Sam, looks like the 3 cars, you, Pete and me could be up for an early start on the Saturday morning........ it will take a good 3 hours :? to get to the Sandhouse (traffic etc)

We would have to leave Belfast at 7am. We could meet at the Sandyknowles roundabout (hard shoulder) What do your lads think? Any alternative suggestions?


----------



## sniper-sam (Jan 23, 2007)

Steve,
The AA routeplanner says just over 2 hours to Rossnowlagh, so around 7 at the roundabout should give us plenty of time, I assume we will head straight to the beach and not the hotel?


----------



## AidenL (Nov 29, 2006)

Shouldn't be much traffic around lads with the early start.

We could leave the start later, but from past experience, if you leave it much later. the finish could be very late - if we have the girlies on board, have to allow time for little girls rooms stops too - then theres lunch too - maybe we should bring snack stuff, stop for a quick bite around 2ish, and hammer on then.

We have 177 miles of challenging roads to cover


----------



## Petesy (May 17, 2007)

sam and steve, i'll join you at sprucefield if thats ok?
i'll pm my number and if i could ask one of you to call/text me when you are approaching that junction (around 7.15am?) that would be great.

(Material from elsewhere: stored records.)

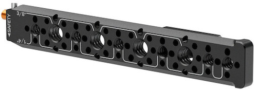 This Bright Tangerine Floating NATO Side Rail for Sony BURANO integrates into your BURANO configuration using other available Bright Tangerine accessories, like the Sliding Top Handle or NATO Cheese Plate. The rail provides you with two 1/4"-20 captive mounting screws and several 1/4"-20 and 3/8"-16 threads for ample accessory mounting, while a safety release button glides your accessories on and off in a breeze.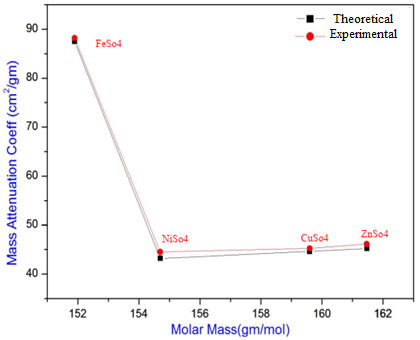 Because of the grain form and crystal structure of atoms, the mass attenuation coefficient (MCA) for sulphate compounds was calculated using Table I. It was determined that the (MCA) for sulphate compounds increased with larger molar mass except for Iron sulphate. It can be seen in Fig. 7 and Table III.
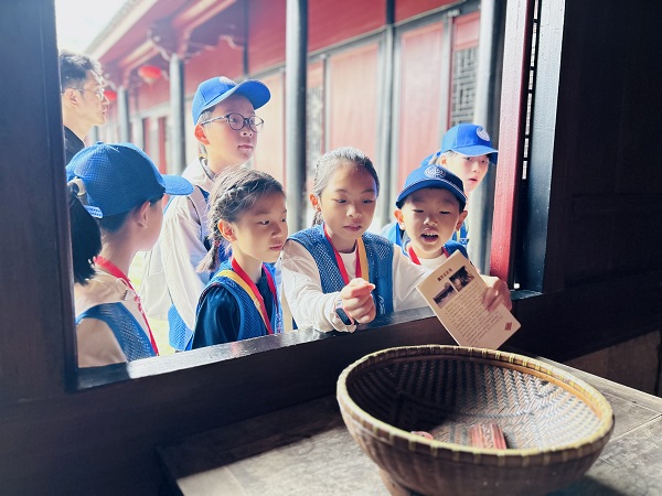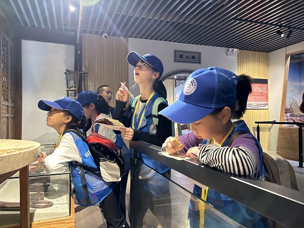 在展茅五匠館,孩子們跟隨帶隊老師的腳步,參觀學(xué)習(xí)“五匠”的工藝特點、應(yīng)用場景等知識,了解普陀百作工藝的智慧結(jié)晶,感受“五匠”精神,傳承匠人之心。整個過程中,大家一面聽一面記,將所見所思所得融入在自己的文字中。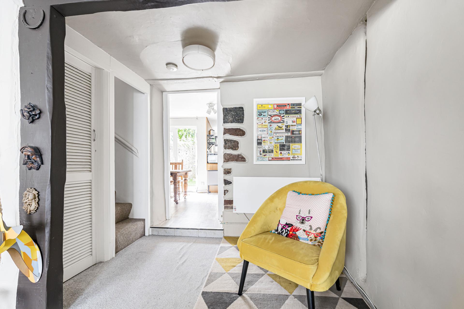 A useful coat cupboard sits just inside the entrance, and additional storage is available beneath the stairs.

thanks guys see you on the 4th bright and early...

laters

Ian and Aiden, no hangovers or excuses on the Saturday!
[smiley=cheers.gif]


----------



## Petesy (May 17, 2007)

..any early ideas for the sunday?
whatever it might be it must be a late start though!
are people heading their separate ways or could we do another run/use the beach/lounge around/play amusements/take in more scenery/eat ice creams etc etc? or all of the above!?


----------



## AidenL (Nov 29, 2006)

If you fancy a bit of a run on the way home, I can do up notes for a run on Sunday which will take in Enniskillen, and you could peel off for home there, or onto Sligo, this would take in what will be one of the WRC stages in November :wink: 8)


----------



## Petesy (May 17, 2007)

it's good of you to offer aiden. i might be on for using your notes. it would be handy to have them as an option and no doubt they would be useful for future runs. but really, only if its no bother to you...


----------



## AidenL (Nov 29, 2006)

Petesy said:


> it's good of you to offer aiden. i might be on for using your notes. it would be handy to have them as an option and no doubt they would be useful for future runs. but really, only if its no bother to you...

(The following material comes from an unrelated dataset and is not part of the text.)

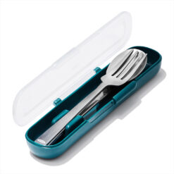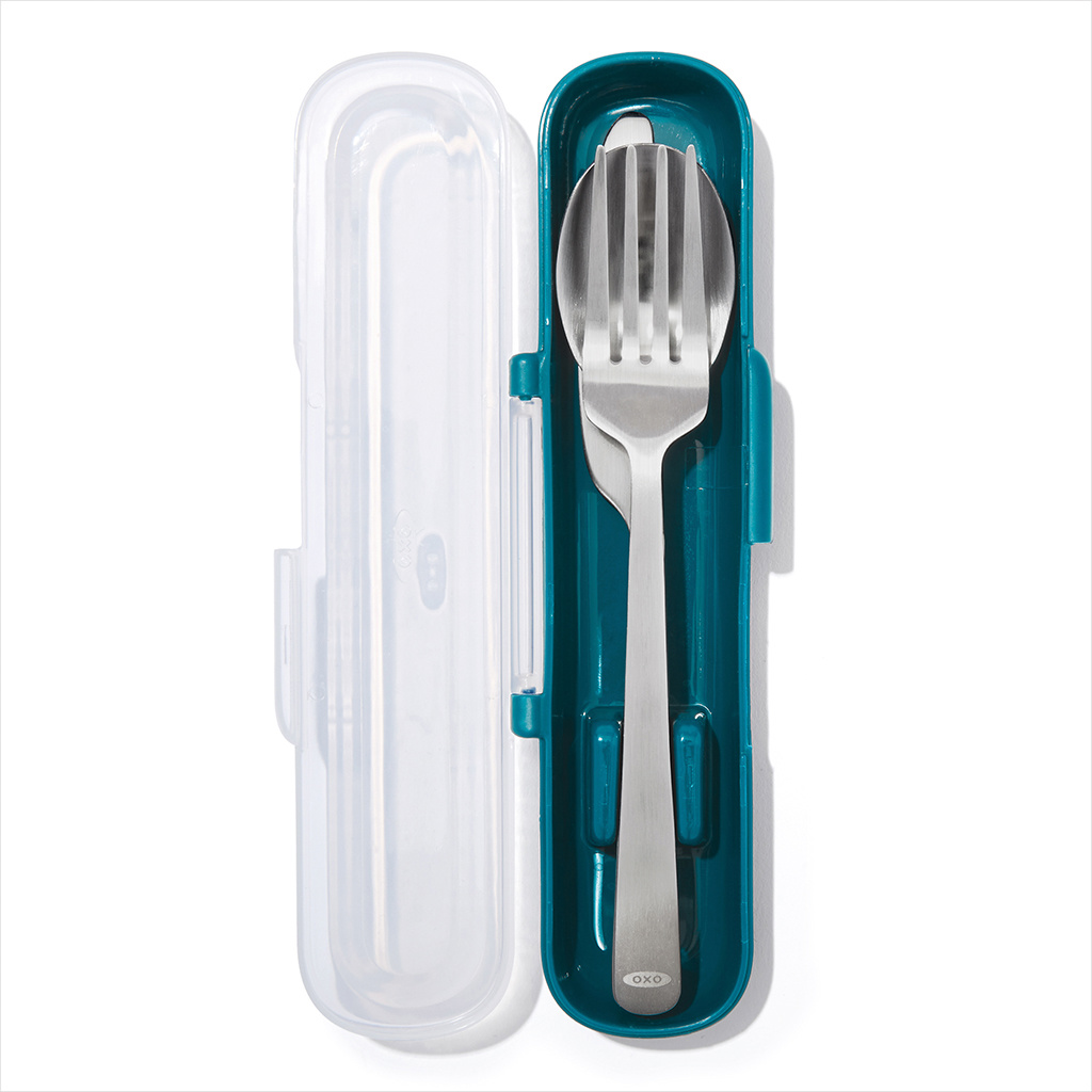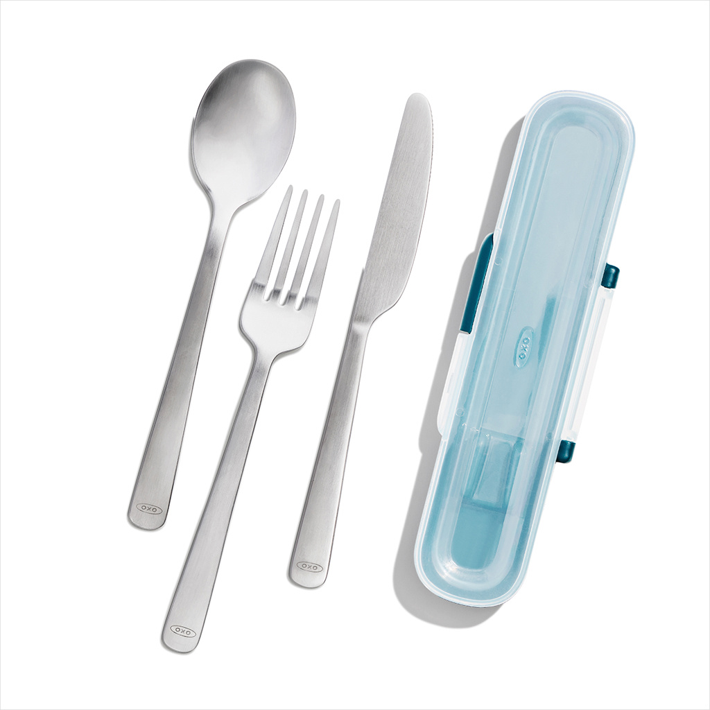 Forchetta, cucchiaio e coltello in acciaio inox di dimensioni standard in un comodissimo astuccio da trasporto. Tutti e tre i pezzi si incastrano ordinatamente nella custodia compatta. Ideale da utilizzare al lavoro, a scuola, e durante i picnic.

Lemme see what I can knock up at short notice - we are away this weekend, so it will be last minute, but I'll see what I can find


----------



## AidenL (Nov 29, 2006)

Pete , I'll have notes for you on Saturday  Two options for directions as well 

Not long now 

Can I ask you all to pick up sarnies and bits and pieces - I think we should be able to have the lunch stop around Portnoor / Narin - should be food available locally, but they aren't big towns, and will be crazy busy being a Bank Holiday - I'm sure noone wants a big lunch anyway, as you will be having a full meal in the evening?


----------



## sniper-sam (Jan 23, 2007)

No Prob Aiden,

Sounds like a good plan as far as the food goes, snacks along the way and then a light lunch with a good dinner and a "few" drinks in the hotel


----------



## Petesy (May 17, 2007)

i'll bring a picnic blanket...

thanks for sorting the notes aiden


----------



## AidenL (Nov 29, 2006)

Aye, re the food, I fifn if you stop for lunch in a restaurant or pub, the timing goes to pot, cos there are always delays - and its hard to get going again after - a nice wee picnic at Portnoo beach will be good - it seems the weather should be half-decent too - if its lashing, we'll retreat somewhere dry 

Looking forward to it now :lol:


----------



## 04DTT (Apr 7, 2006)

AidenL said:


> Aye, re the food, I fifn if you stop for lunch in a restaurant or pub, the timing goes to pot, cos there are always delays - and its hard to get going again after - a nice wee picnic at Portnoo beach will be good - it seems the weather should be half-decent too - if its lashing, we'll retreat somewhere dry
> 
> Looking forward to it now :lol:


Sounds like a plan  Looking forward to staurday. Lets hope the day is dry to enjoy the beautiful donegal scenery 8)


----------



## AidenL (Nov 29, 2006)

Weather is looking like it won't be good now 

I'll see about checking out an indoor lunch place for Saturday just in case :wink:


----------



## AidenL (Nov 29, 2006)

Are you lot still out there? :wink:

Its gone very quiet :lol:


----------



## Petesy (May 17, 2007)

are you on your way to donegal aiden?
maybe you are there already...

see you on the beach tommorow around 10am ish
sam, steve and i are travelling together


----------



## AidenL (Nov 29, 2006)

Petesy said:


> are you on your way to donegal aiden?
> maybe you are there already...
> 
> see you on the beach tommorow around 10am ish
> sam, steve and i are travelling together


I live in Ballyshannon !


----------



## Petesy (May 17, 2007)

handy!
in that case get the pan on in the morning and we'll call in to yours for breakfast...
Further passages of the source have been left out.